From ‘Breathing’ to ‘Awakening,’ Sheik steps back to move forward
It’s hard to know where things begin and end for Duncan Sheik. Best known for his 1996 sensitive-man mellow pop hit “Barely Breathing” and score for the controversial, critically adored Broadway musical Spring Awakening, Sheik is currently touring in support of his most recent album, Covers: Eighties Remixed.
You might call this a reconstruction project. With his 2011 album Covers Eighties, Sheik took some of his favorite pop tunes from the 1980s and deconstructed them, stripping them of their many electronic elements and recording his own acoustic versions.
For Remixed, Sheik enlisted help from Samantha Ronson, El-P, Gabriel & Dresden, Chico Mann and Terry Urban (among others), rebuilding these tracks and re-injecting them with their original electronic lifeblood.

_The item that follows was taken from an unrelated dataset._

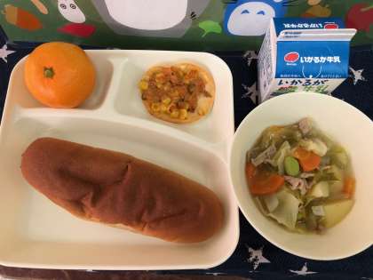 給食の変わりピザは、ギョーザの皮に、ツナ、コーン、ピーマン、ピザソース、チーズを混ぜ合わせた具をのせ、焼き物機で焼いています。

“It’s probably too meta,” he says lightheartedly about what has become a multi-CD, multi-year endeavor. “It’s turned out to be kind of a complicated art-school project.”
Possibly, but one borne of a personal quest. “Basically [Covers] is mostly artists who were hugely influential when I was first starting to write and record — songs that at some juncture had an immense personal impact on me,” says the 43-year-old Sheik, who grew up on ‘80s pop. The decade also informs Sheik’s score for a Broadway adaptation of gay author Bret Easton Ellis’ intense, violent satire of the selfishness of yuppie culture, American Psycho.
“When I first decided to work on it, I re-read the book and actually thought, ‘This is a terrible idea,’” he laughs. “There are [graphically violent] passages you can barely read, but I realized how prescient it was. Patrick Bateman really is a product of late capitalism. The book is rich.”
It’s also full of references to ’80s music — the same type he plays with in Covers and Remixed. Inspired by the electro-dance aesthetic, Sheik primarily used synthesizers and drum machines to create the songs for the musical, which goes into full production in the next few months.
Sheik has pursued a decidedly ouroborian cycle in recent years, leading one to wonder what he has on tap next: More stage work, like a musical adaptation of Hans Christian Andersen’s The Nightingale, is in the works, and then he plans to start work on a new album.
“It’s not going to be related to any theater. It will be a new record of unrelated songs,” he says. Right back where he started. Well, sort of.
“Electronic dance music has always been an integral part of my life,” he says. “I like the idea of applying those techniques and approaches to straightforward, more pop songs using ‘real’ instruments.”
— Jonanna Widner
This article appeared in the Dallas Voice print edition November 30, 2012.